PrintView Printer Friendly Version

Reader Comments (60)

That Reading wind turbine needs more than 2m/s wind speed to turn it so if it was turning when the wind was at that level then the electricity was moving in the opposite direction to that planned.

Aug 3, 2013 at 11:52 AM | Unregistered CommenterJohn Marshall

Was Clegg's missus at the opening, after all she has no interest in wind farms ?

Aug 3, 2013 at 12:54 PM | Unregistered CommenterStacey

The same level of scientific integrity that promotes CAGW is present in this snippet:http://www.nbcnews.com/id/3077192/ns/technology_and_science-science/t/infrasound-linked-spooky-effects/
Since every schoolboy knows that wind turbines produce gobs of infrasound, the aforementioned building will end up haunted by the ghosts of people who died there.

OOOOOOOOOOOOOOH CREEPY

David

Aug 3, 2013 at 4:01 PM | Unregistered CommenterDavid Chorley

So 'a tall building costs much less to build'?? Where did anyone get that idea?
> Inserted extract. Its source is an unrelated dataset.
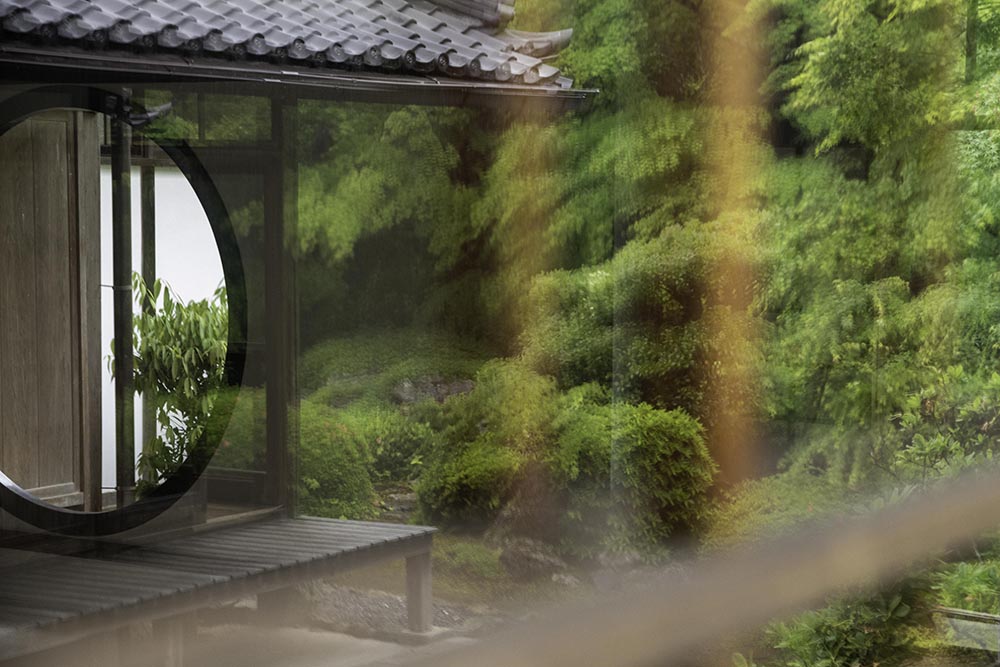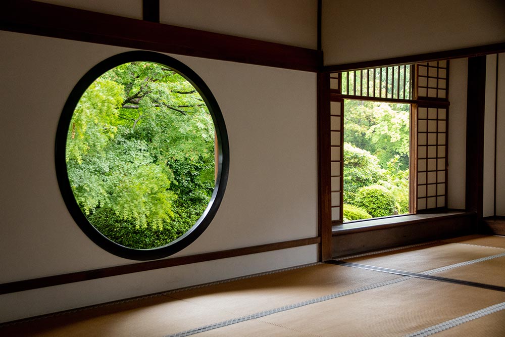 鷹峯にある曹洞宗のお寺。悟りの窓の円型は「禅と円通」の心を表し、円は大宇宙を表現しています。 迷いの窓の角型は「人間の障害」を象徴し、生老病死の四苦八苦を表します。

I'm no expert myself, but this expert report says quite the opposite, which is indeed only common sense:

http://resources.knightfrank.com/getnewsresource.ashx?id=187f1147-fdc7-4791-88f0-4c5935bb7675&type=1

The only reasons for building tall residential buildings are (a) socialist/modernist ideology, which prevailed among architects and planners up to the 1970s if not longer, or (b) extreme shortage of space, as in city centres. If you are prepared to stack people up in battery cages, with little natural light or green space at ground level (as in modern Chinese cities), then of course you can get more people into each square metre of ground, but this is hardly ideal.
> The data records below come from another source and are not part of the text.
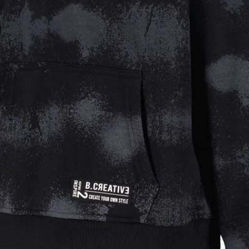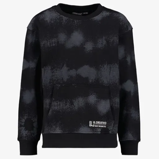 Zwarte jongens sweater van Unsigned. Voorzien van een ronde hals en lange mouwen. Deze gave sweater heeft buidelzak aan de voorzijde en een grijze tie-dye dessin. Gemaakt van 100% polyester.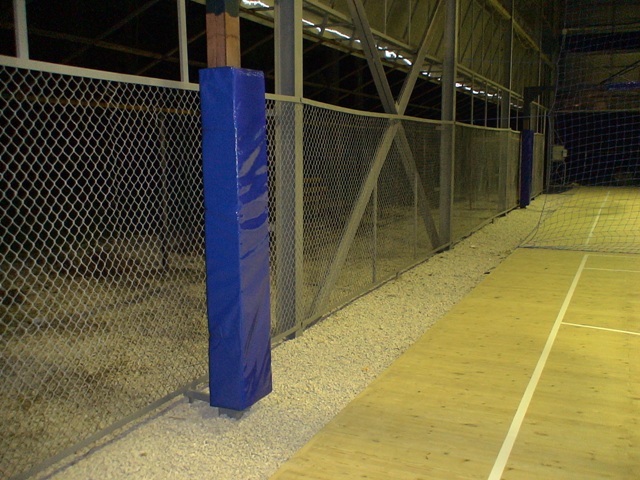 Изготавливается из ПВВ в чехле из тентовой ткани, обычно синего цвета и крепится на нижнюю часть бетонируемой баскетбольной стойки сечением 100х100 мм. Мягкая защита баскетбольной стойки имеет высоту 2 м.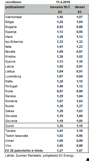 Polttoaineiden keskihinnat 11.4.2016 EU-maissa.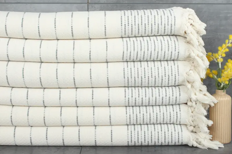 Fiber composition of the blankets includes 100% organic Turkish cotton, ensuring hypoallergenic and eco-friendly properties. Characterized by a weight of 1220 grams and a size of 97x91 inches (230x245 centimeters), these blankets allow for high absorbency. Dimensions are within a tolerance of 1-2.5cm due to hand-weaving techniques.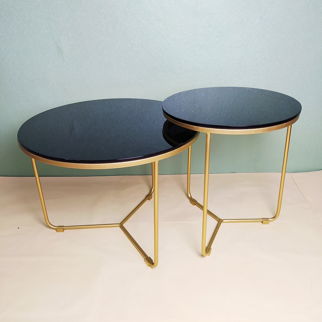 Bàn tròn cafe, tiếp khách chân thép sơn đen kết hợp inox mạ vàng B05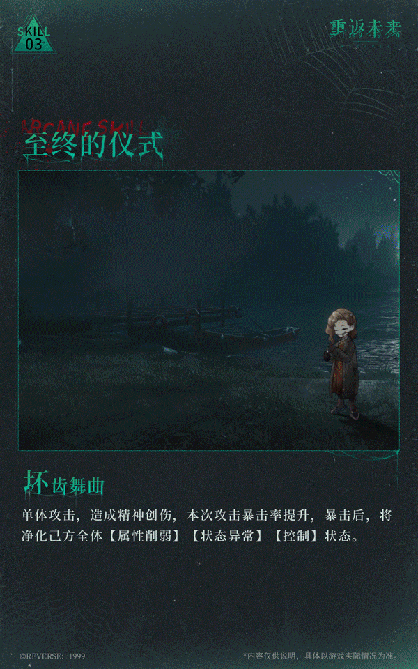 说回至终的仪式,“坏齿舞曲”。其效果为:对敌方单体造成一定伤害,同时本次攻击暴击率提升,若暴击,则净化己方[属性削弱][状态异常][控制]。早期为数不多的解控途径,不过实际效果较为一般。

Aug 3, 2013 at 4:31 PM | Unregistered CommenterDavid

So how many dead birds up there.

Aug 3, 2013 at 4:46 PM | Unregistered Commenterjamspid

...btw, in comparing the costs of low and high rise building, it is also important to consider the maintenance costs and lifespan of the building. Many blocks of flats built in the 1960s and even 1970s are now in such poor condition, and cost so much to maintain, that they are being demolished - while much older low rise buildings are still generally in serviceable condition.

It may be said that this is due to bad design or workmanship, which is often true, but something about modernist architecture seems to attract these problems. Even prestigious and costly buildings often turn out to be defective and monstrously expensive to maintain: the Pompidou Centre, the Lloyds Building, the Sydney Opera House are cases in point. Or to take a comic example on a more modest scale, Lubetkin's famous Penguin Pool at London Zoo is being preserved as a Grade 1 listed building, but the penguins always hated it, and they now have a new, less pretentious, pool.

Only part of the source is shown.